By looking at all of the facts of the case, Agnew would say that this crime falls within the classification of General Strain Theory. First, Agnew would say that the strain experienced by Christopher Glass in this case could be measured subjectively, due to the fact that Glass was under extreme emotional distress.. Christopher Earl Glass thought that having a child at age 17 was too much to handle, and cracked under the pressure of being a new father. Agnew would also say that Christopher Earl Glass was under a great deal of strain because he was in the presence of a negative stimulus, goal blockages, and because he was experiencing a loss of positive stimuli. The new negative stimulus Glass experienced was his baby’s mother constantly hounding him for support and payments. Christopher was a talented athlete who was looking for the chance to get a scholarship to play collegiate basketball, but since he had a child, all of his dreams of ever going professional came crashing down. He also had a loss of positive stimulus because he was a new father who had all of these new responsibilities that kept him from going out and having fun. These negative feelings, coupled with a loss of positive feelings, caused Christopher to think that getting rid of his son was the only means he had by which to restore balance to his life.

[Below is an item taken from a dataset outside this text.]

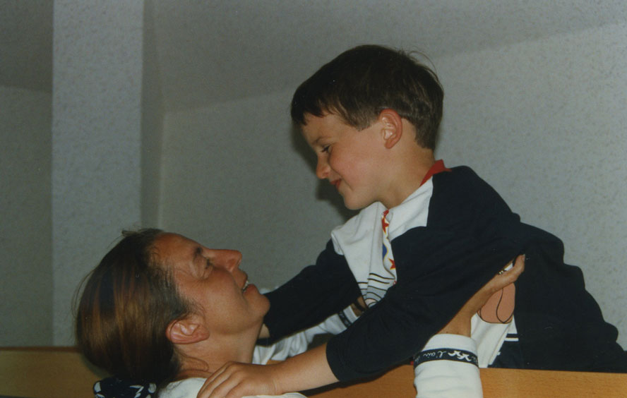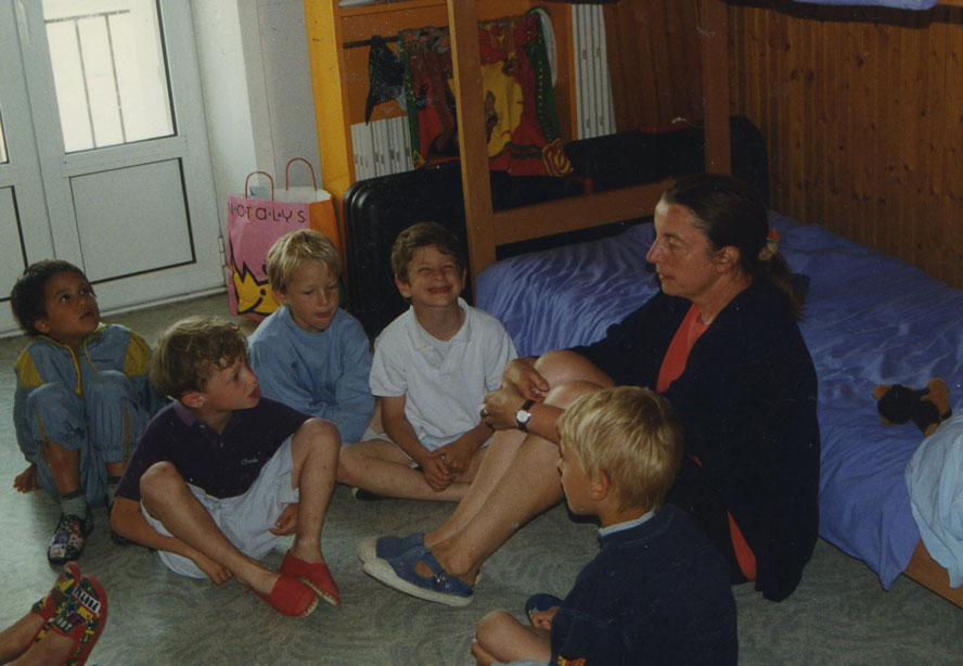 - Madame Vidal wishing Tom a good night in Cancale. It was June 1996, which made Alban and Tom still six years old each.

Agnew would also say that Christopher shows all of the four characteristics that would make him want to resort to criminal behavior. In Christopher’s eyes, having a child at age 17 was an unjust situation. He was probably thinking to himself, “Thousands of teens have unprotected sex every day; why did I have to be the one to have a child?” Also, his baby’s mother chose not to have an abortion, and this might also have been something Christopher perceived as unfair. Because Christopher was a gifted and talented athlete, having a child at such a young age must have been perceived as a problem “high in magnitude,” because the responsibilities of being a new father redefined his priorities. The next characteristic of low social control can be seen when the babysitter essentially gave the baby to her father without contacting the authorities right away. Finally the last characteristic of strains that create pressure or incentive to engage in criminal activities is present because, in the report, it was mentioned that Christopher’s coach was talking to him about getting a scholarship to go and play collegiate basketball. This last characteristic of criminal coping was the final catalyst for Christopher’s need to relieve strain by means of criminal activity.. Agnew would argue that because Christopher did not have the coping skills to deal with his problem, he resorted to delinquent behaviors in order to deal with his situation.